Where was I? Ah yes Cowes Week. Cowes week is one of the largest sailboat races in the world, takes place the first week of August, and is one of the last events of the Season.  Cowes week in 1914 was the last real Season before the world blew apart. The Friday before that Monday Shackleton received a message saying the King would not be able to go to Cowes. The date was July 31, Archduke Ferdinand had been assassinated a month prior, and Austria was at war with Serbia.  Germany was threatening to attack France,  and Britain had just warned Germany that if they declared war on France, Britain would declare war on Germany. This last summer, this last Season before the world was turned on its head, was about to see off the last explorers of their kind. 
      Endurance left London Saturday August 1, but stayed anchored off the coast through Sunday, anticipating to be called up for war. Shackleton sent a telegram to the Admiralty offering to cancel his expedition and put himself and his men at the service of the crown. The Admiralty replied simply "Proceed."  Two hours later, Mr. Winston Churchill sent a longer telegram to Shackleton, thanking him and his party for their offer and stating the authorities desired the expedition to continue as planned. Tuesday, August 4th, the King did arrive and gave Shackleton the Union Jack to carry on the expedition. War finally erupted at midnight on that same day. 

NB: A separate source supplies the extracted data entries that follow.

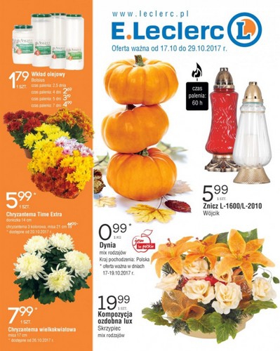 {loadposition linkEleclerc} Nowa gazetka promocyjna sieci handlowej E.Leclerc. Polecane promocje z gazetki E.Leclerc: Dynia 1 kg - 0,99 zł. Wkład olejowy Bolsius - 1,79 zł. Znicz Wójcik - 5,99 zł. Oferta ważna od 17.10 do 29.10…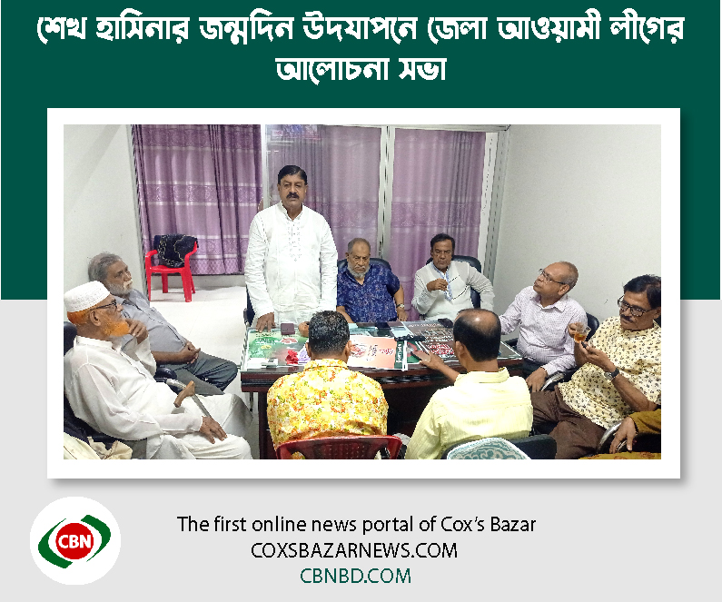 আওয়ামী লীগ সভাপতি ও প্রধানমন্ত্রী শেখ হাসিনার ৭৭তম জন্মদিন যথাযোগ্য মর্যাদায় উদযাপন করবে কক্সবাজার জেলা আওয়ামী লীগ।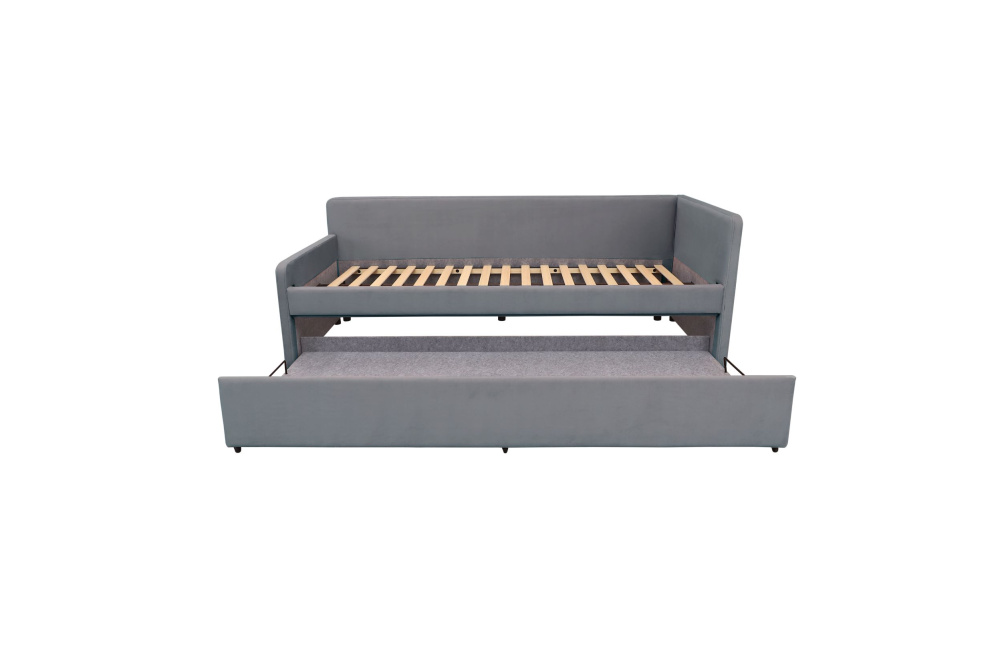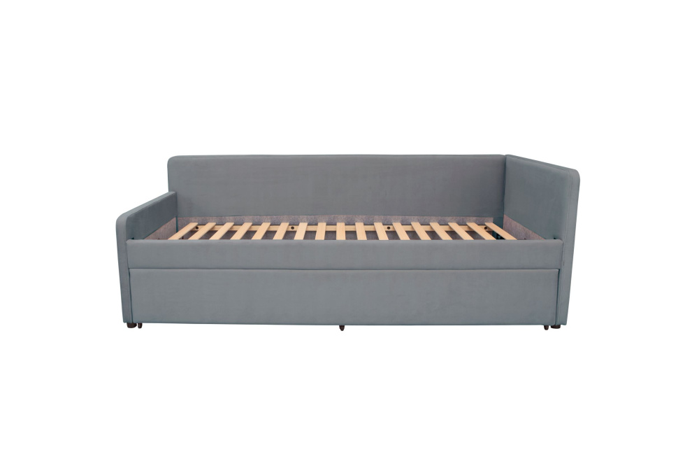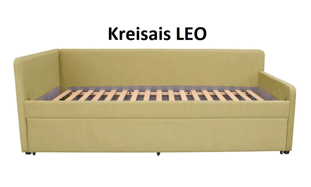 LEO – это 2 односпальные кровати в одной. Второе место можно использовать как ящик для белья или как второе спальное место. LEO это удобная и стильная модель для вашего интерьера, элегантность и функциональность в одной кровати! Каркас из дерева гарантирует долговечность и прочность, а высокоплотная обивка из мягкой ткани создает комфортное место для сна. Металлические опоры обеспечивают надежную поддержку матраса. Встроенное отделение для хранения, с легким доступом, позволяет хранить постельные принадлежности и другие вещи.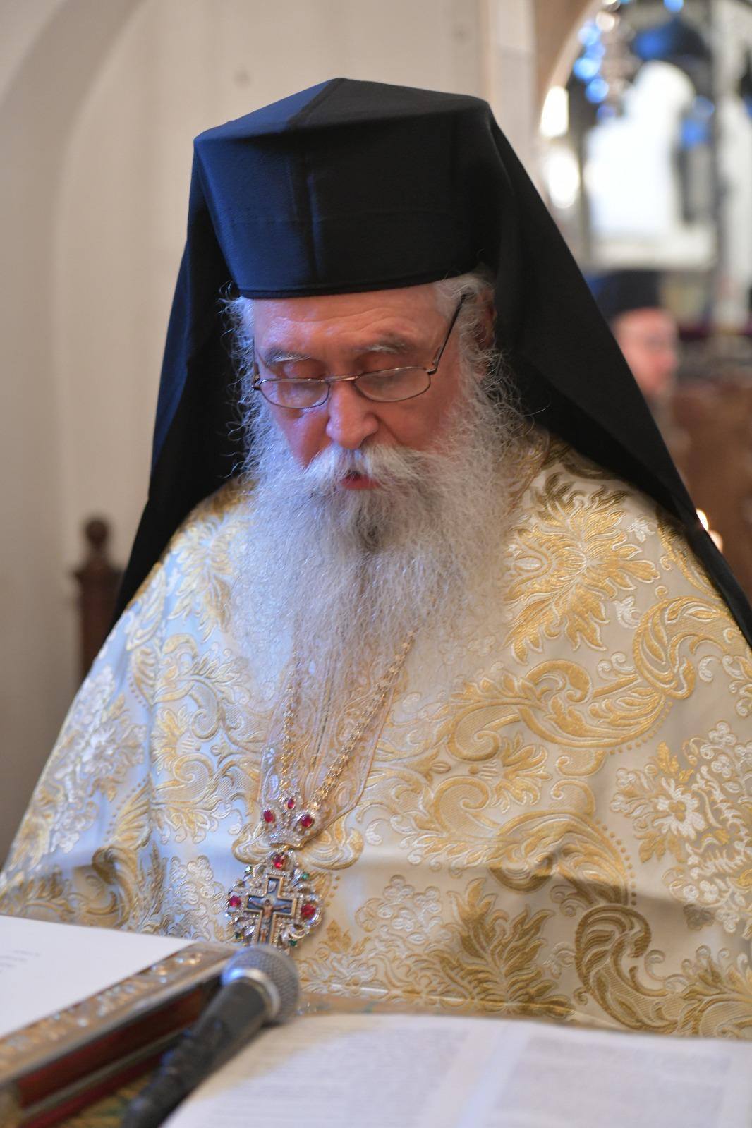 Κατά την λιτή αλλ’ εξόχως συγκινητική αυτή Ακολουθία, ο Εψηφισμένος, φορώντας επιτραχήλιο και φελόνιο, θυμίασε τον Ιερό Ναό, ενω οι Ιεροψάλτες έψαλλαν τροπάρια της Πεντηκοστής. Εν συνεχεία δεήθη υπέρ του Μακαριωτάτου Πατρός και Πατριάρχου.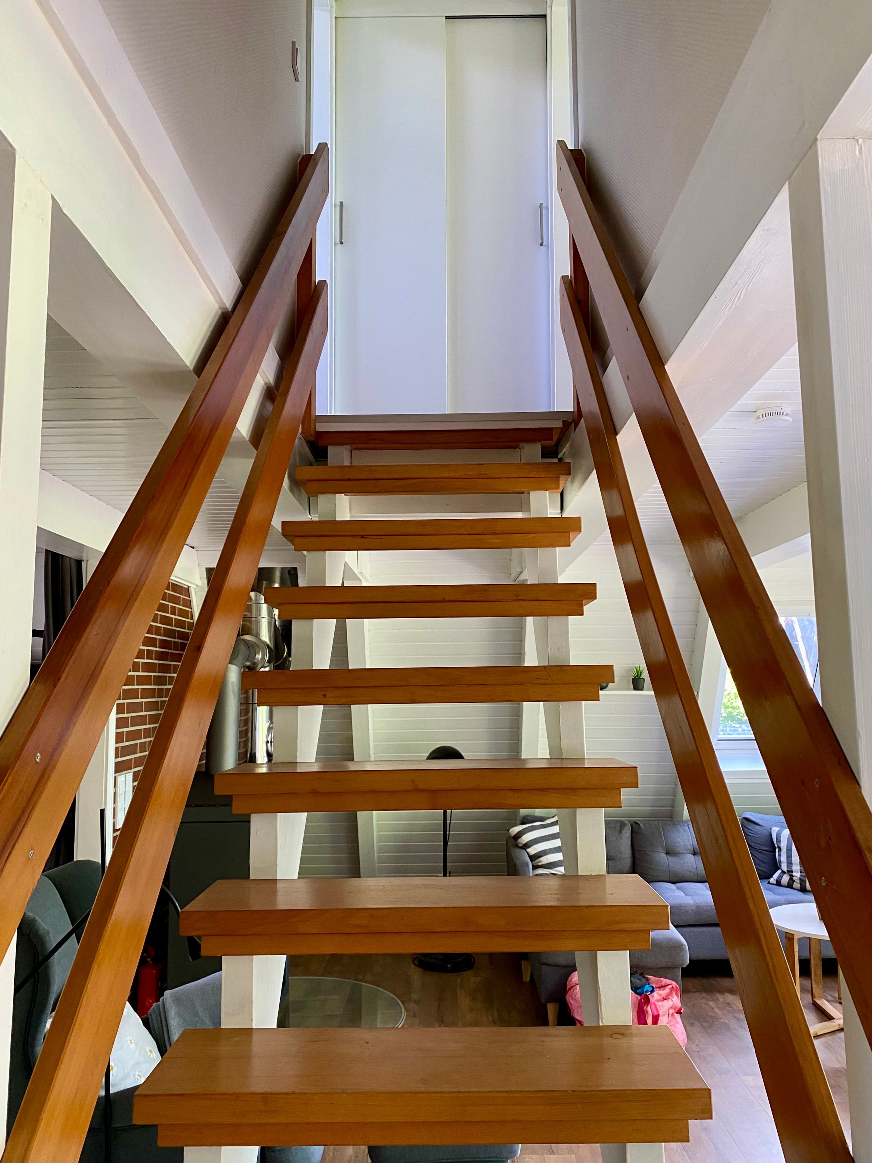 Über eine solide Treppe erreicht ihr das Obergeschoss, hier befinden sich zwei Schlafzimmer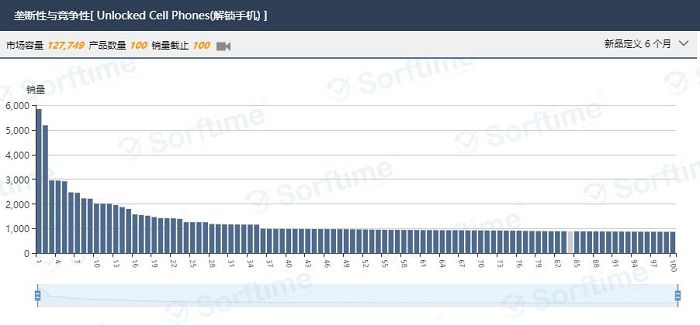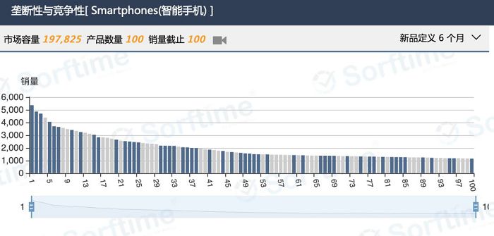 上面两张图都是智能手机TOP100市场listing分布柱状图,图一反应了美国市场该类目销售情况,图二反应了印度市场该类目销售分布,当我们在两张图右上方定义新品为6个月时,此时图中灰色柱状图代表新品,图一美国站灰色柱状图少新品少,图二灰色柱状图多代表新品多。

    Shackleton took a lot of criticism later on for leaving when he did, without consulting the donors of the expedition. But the Admiralty had told him to continue as planned, and no one expected the war to last more than a few months. Indeed most expected it to be over by Christmas. This tiny capsule of the preserved Edwardian world was about to leave the civilized world to its own un-civilizing, and undergo a conflict against the elements of nature that was no less dangerous or strenuous than men shooting bullets and driving tanks at each other back home. They made it to Buenos Aires, Argentina on October 26, and from there sailed to South Georgia, a small island south of the Falklands which was the southernmost outpost of the British Empire, and indeed the very edge of civilization itself. From there was the unknown. 


* The land and sea area from the Falkland Islands extending to the South Pole was considered British territory at this time.